Spectrahedral Lifts of Convex Sets

TL;DR

This paper surveys recent advances in representing convex sets as spectrahedral lifts, highlighting how such representations relate to factorizations through convex cones and their implications across multiple fields.

Contribution

It provides a comprehensive overview of spectrahedral lifts of convex sets and establishes a connection between these lifts and factorizations via convex cones, advancing understanding in convex geometry and optimization.

Findings

Projection representations are governed by factorizations through convex cones.

Spectrahedral lifts enable simpler representations of complex convex sets.
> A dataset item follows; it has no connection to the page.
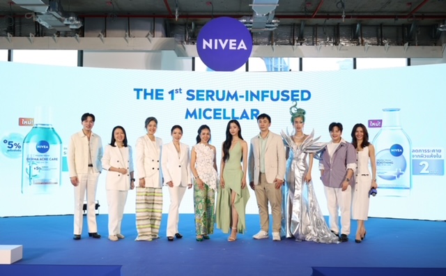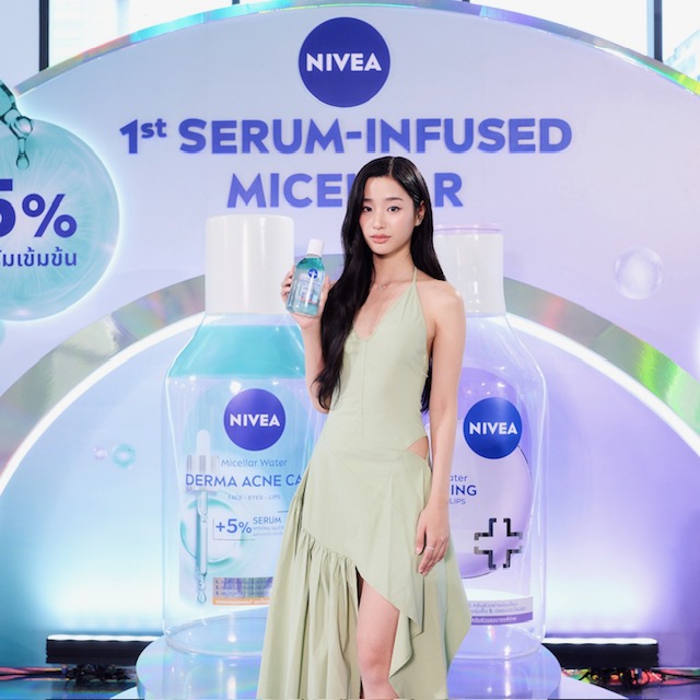 นีเวีย (NIVEA) ตอกย้ำความเป็นผู้นำด้านการดูแลผิวหน้า เปิดตัวนวัตกรรมใหม่ "NIVEA Derma Acne Care Micellar Water +5% Serum" ไมเซลล่าวอเตอร์สูตรใหม่ที่ผสานเซรั่มเข้มข้นถึง 5% เพื่อมอบประสิทธิภาพการทำความสะอาดพร้อมการบำรุงผิวในขั้นตอนเดียว ยกระดับการทำความสะอาดผิวให้มากกว่าการลบเมคอัพ และยังช่วยดูแลปัญหาผิวไปพร้อมกัน โดยจัดงาน “NIVEA : The 1st SERUM-INFUSED MICELLAR” ที่จำลองโลกแห่งนวัตกรรมการดูแลผิวของนีเวียอย่างเต็มรูปแบบ และเปิดตัวพรีเซ็นเตอร์คนล่าสุด “ตู – ต้นตะวัน ตันติเวชกุล” มาร่วมถ่ายทอดพลังของผิวใสมั่นใจในแบบฉบับคนรุ่นใหม่

The approach links convex geometry with algebraic and combinatorial methods.

Abstract

Efficient representations of convex sets are of crucial importance for many algorithms that work with them. It is well-known that sometimes, a complicated convex set can be expressed as the projection of a much simpler set in higher dimensions called a lift of the original set. This is a brief survey of recent developments in the topic of lifts of convex sets. Our focus will be on lifts that arise from affine slices of real positive semidefinite cones known as psd or spectrahedral lifts. The main result is that projection representations of a convex set are controlled by factorizations, through closed convex cones, of an operator that comes from the convex set. This leads to several research directions and results that lie at the intersection of convex geometry, combinatorics, real algebraic geometry, optimization, computer science and more.